ウォシュレットの電源を抜き、止水栓を締めて、シュポシュポで水を抜いてからいざチャレンジ。しかし開始2分で無理だと判断してやめた。この時点でトイレの水に濁りや排泄物、トイレットペーパーの残骸などは見当たらない。スッポン(ラバーカップ)もワイヤークリーナーも、お湯に重曹を溶かす方法も全部試したが、どれもダメだった。いよいよ本格的に解体するしかない。

トイレの解体開始

タンクの水を抜き、固定してあるボルトを外す。水道のパイプ部分も外したかったが、素人の工具ではナットがどうしても回らない。無理に力をかけるとネジ山をなめてしまいそうだったので、ホース類はつないだまま作業を進めることにした(本来はあまり正しいやり方ではないと思う)。幸いホースには長さがあったので、外さなくてもなんとかなりそうだった。

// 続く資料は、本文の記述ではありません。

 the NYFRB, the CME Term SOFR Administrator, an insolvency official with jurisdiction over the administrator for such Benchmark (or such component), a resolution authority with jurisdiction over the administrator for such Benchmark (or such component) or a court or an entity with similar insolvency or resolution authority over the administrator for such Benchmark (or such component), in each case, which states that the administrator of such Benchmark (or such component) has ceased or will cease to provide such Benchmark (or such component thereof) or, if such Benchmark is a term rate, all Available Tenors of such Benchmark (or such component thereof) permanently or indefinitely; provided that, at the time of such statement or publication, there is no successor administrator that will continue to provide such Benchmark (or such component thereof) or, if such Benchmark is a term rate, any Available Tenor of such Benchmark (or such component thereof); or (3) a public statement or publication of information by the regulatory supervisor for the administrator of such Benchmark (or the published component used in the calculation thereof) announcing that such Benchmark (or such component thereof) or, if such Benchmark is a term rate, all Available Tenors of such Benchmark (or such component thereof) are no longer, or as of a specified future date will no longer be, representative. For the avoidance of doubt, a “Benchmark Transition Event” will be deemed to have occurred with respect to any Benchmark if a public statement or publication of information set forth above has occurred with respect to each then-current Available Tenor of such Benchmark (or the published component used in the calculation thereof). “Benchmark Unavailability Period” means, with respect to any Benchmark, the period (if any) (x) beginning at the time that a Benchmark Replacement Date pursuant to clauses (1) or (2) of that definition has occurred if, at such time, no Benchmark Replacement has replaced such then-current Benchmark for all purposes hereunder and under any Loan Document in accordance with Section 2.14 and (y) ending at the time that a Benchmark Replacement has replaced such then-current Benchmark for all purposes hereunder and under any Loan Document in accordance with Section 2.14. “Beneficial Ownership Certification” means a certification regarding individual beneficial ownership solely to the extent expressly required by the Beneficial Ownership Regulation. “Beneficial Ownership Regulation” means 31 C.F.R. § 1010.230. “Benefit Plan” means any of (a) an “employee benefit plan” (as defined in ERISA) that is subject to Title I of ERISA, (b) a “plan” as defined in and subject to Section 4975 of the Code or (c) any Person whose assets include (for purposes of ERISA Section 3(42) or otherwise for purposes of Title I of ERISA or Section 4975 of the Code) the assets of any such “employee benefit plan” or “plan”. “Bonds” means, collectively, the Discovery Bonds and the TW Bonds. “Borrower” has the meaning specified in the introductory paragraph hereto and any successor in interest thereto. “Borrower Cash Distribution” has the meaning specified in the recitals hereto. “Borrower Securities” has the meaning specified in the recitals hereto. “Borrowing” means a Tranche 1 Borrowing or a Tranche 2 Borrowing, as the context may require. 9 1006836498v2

タンクは固定用のナットを外すだけで簡単に取れる。ここで注意したいのは、便器はプラスチック製ではなく陶器なので、雑に持ち上げてネジがこすれると割れてしまうという点だ。タンクを分離したあと、床に固定されたナットを外してみたが、便器はまったく持ち上がらない。それどころか、寸法的に壁と一体化しているような感覚さえあった。

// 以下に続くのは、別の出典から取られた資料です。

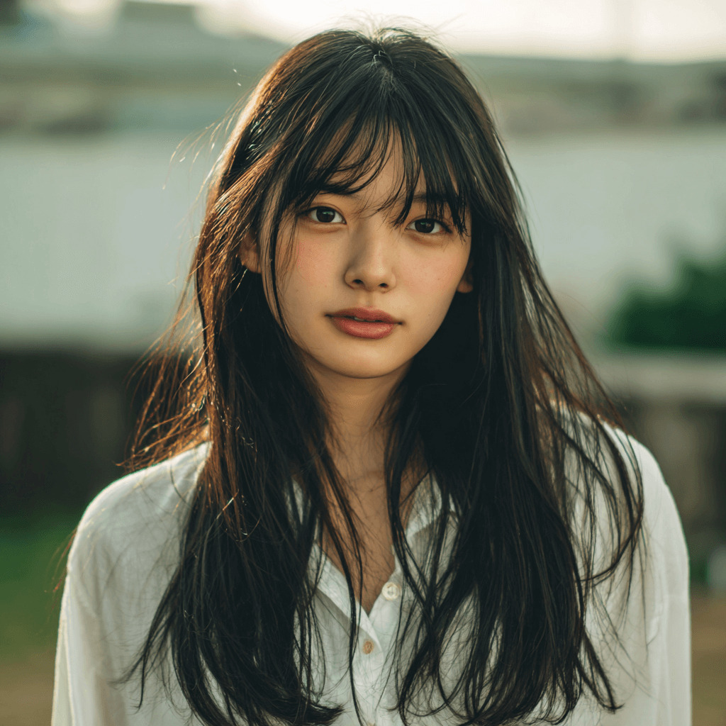 薄く軽い前髪は、柔らかくナチュラルな印象を演出できます。重たくなりすぎず、ふんわりとした雰囲気が魅力のスタイルですね。透明感のあるキャラクターや、儚げな雰囲気を出したい時におすすめです!

YouTubeで便器の取り付け方を調べてみると、先端部分に接着用のスポンジのようなものが使われているのが見えた。後方の2箇所は留め具で固定されているだけで、前方には固定具がなく、代わりに接着剤のようなもので留められているらしい。ここまでくると、どうせダメなら壊れても仕方ないという開き直りの気持ちが戻ってきて、思い切って持ち上げてみることにした。

便器を持ち上げてつまりの原因を取り除く

すると、意外にもすんなりと持ち上がった。水や汚物が飛び散ったらどうしようという不安もよぎったが、実際にはあっさりと外れてくれた。見えてきたのは床に取り付けられたパイプと、そこに固まって詰まっているトイレットペーパー。幸いにも、便器を持ち上げて一番最初に目につく取りやすい場所に詰まっていた。複雑な奥のほうに詰まっていなくて本当に良かったと思う。トイレットペーパーは水に溶けるものだと思っていたが、流しすぎると圧縮されて詰まってしまうこともあるのだと、この経験で初めて知った。

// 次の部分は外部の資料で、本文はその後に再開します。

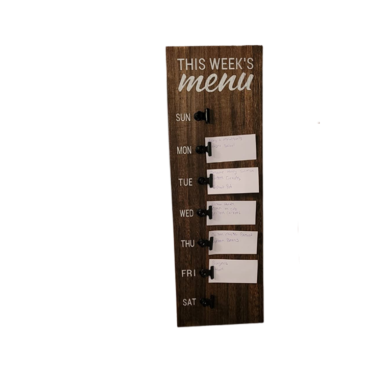 Tabla de menú de cocina, planificador de comida semanal magnético rústico con Clips, letreros de granja, nevera, carpeta de menú de pared de madera

あとは元通りに戻して止水栓を開け、水を流してみるとすっきり流れた。トイレが普通に流れるだけでこんなに嬉しいと感じる日が来るとは思わなかった。

自分で直してみて感じたこと

高額な出張費を請求されることもあると聞いていたので、それを考えるとほぼタダで直せたのは大きかった。もちろん自分の家だからこそ思い切れた部分もあるし、運が悪ければ自分ではどうにもできない場所に詰まっていることもあるはずなので、業者に頼んだほうがいいケースも当然あると思う。

この記録を見て、自分でもできるかもしれないと挑戦してみる人がいて、それが良い結果につながれば嬉しい。ちなみに、しっかりしたモンキーレンチは1つ持っておくことを強くおすすめする。購入の際は口の開く幅も確認しておくといい。